# What you should do
Copy out each line of the material exactly. Pictures do not belong in the copy.

# Data
╭──
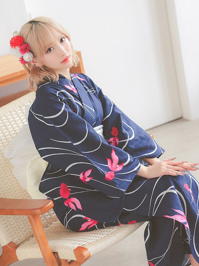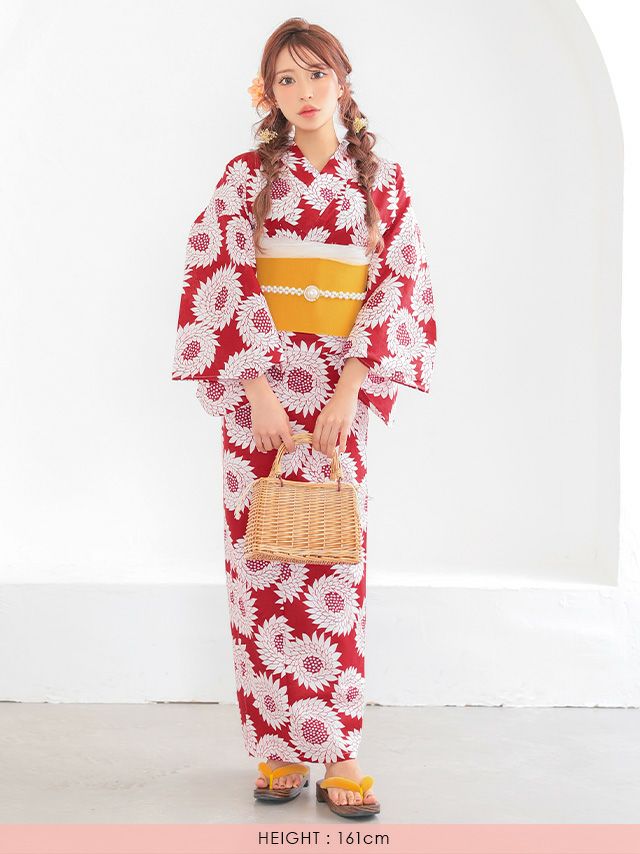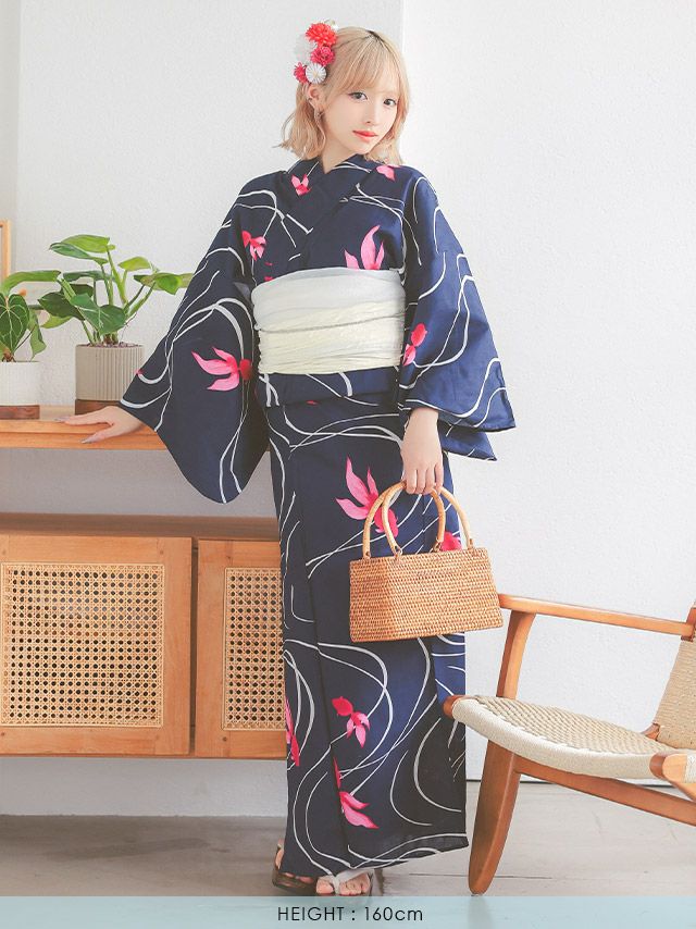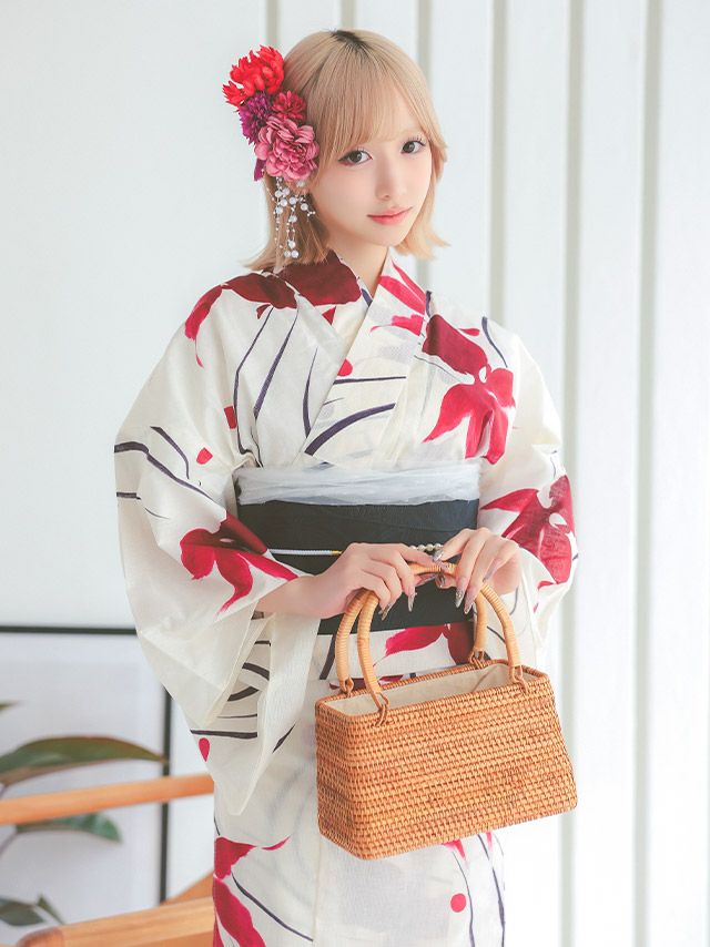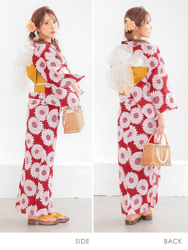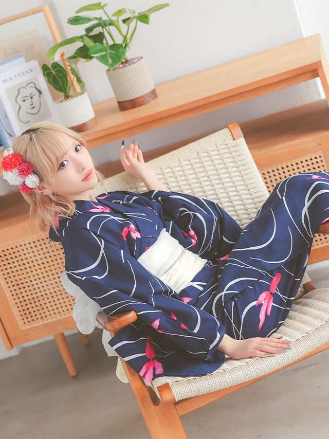 多くの浴衣は「浴衣+帯」または「浴衣+帯+下駄」の3点セットになっています。商品ごとにセット内容が異なるため、各ページの詳細をご確認ください。
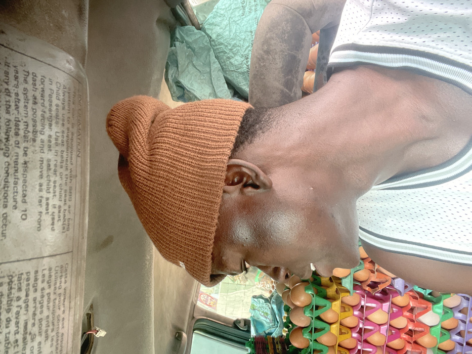 An individual, appearing to be male, is depicted in a right-profile view, seated inside a vehicle in what is identified as Langbasa, Nigeria. The individual wears a brown knitted beanie and a white mesh tank top with black trim. Their head is turned slightly to the left, showing the left side of their face and neck. To the left of the individual, stacks of colorful plastic egg crates (green, yellow, orange, pink, purple, white) filled with brown chicken eggs are visible. The vehicle's interior headliner, light-colored and textured, displays printed text in English and French, indicative of instructional or warning labels, such as "INFORMATION" and references to child seats and airbags. Behind the individual's right shoulder, a crumpled green plastic bag and a large, dark, pipe-like or rolled object are present. A vehicle window is partially visible on the far left, revealing an indistinct outdoor background.
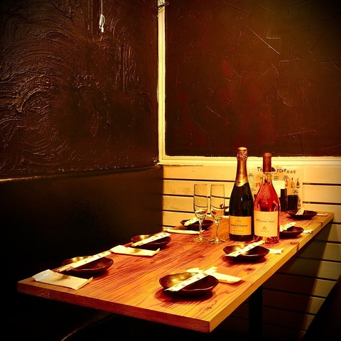 【デートにもオススメ♪】デートでのお食事にもオススメ☆二人の距離をギュッと縮める2人掛けのお席は、自然と会話が弾むこと間違いなし!美味しい焼き鳥などのお料理や日本酒、ワインなどのオシャレなお酒を楽しめば、楽しいひとときがもっと楽しくなるでしょう◎ぜひ特別な人との大切な時間をゆったりとお過ごしください★
╰──
# Task response
 多くの浴衣は「浴衣+帯」または「浴衣+帯+下駄」の3点セットになっています。商品ごとにセット内容が異なるため、各ページの詳細をご確認ください。
 An individual, appearing to be male, is depicted in a right-profile view, seated inside a vehicle in what is identified as Langbasa, Nigeria. The individual wears a brown knitted beanie and a white mesh tank top with black trim. Their head is turned slightly to the left, showing the left side of their face and neck. To the left of the individual, stacks of colorful plastic egg crates (green, yellow, orange, pink, purple, white) filled with brown chicken eggs are visible. The vehicle's interior headliner, light-colored and textured, displays printed text in English and French, indicative of instructional or warning labels, such as "INFORMATION" and references to child seats and airbags. Behind the individual's right shoulder, a crumpled green plastic bag and a large, dark, pipe-like or rolled object are present. A vehicle window is partially visible on the far left, revealing an indistinct outdoor background.
 【デートにもオススメ♪】デートでのお食事にもオススメ☆二人の距離をギュッと縮める2人掛けのお席は、自然と会話が弾むこと間違いなし!美味しい焼き鳥などのお料理や日本酒、ワインなどのオシャレなお酒を楽しめば、楽しいひとときがもっと楽しくなるでしょう◎ぜひ特別な人との大切な時間をゆったりとお過ごしください★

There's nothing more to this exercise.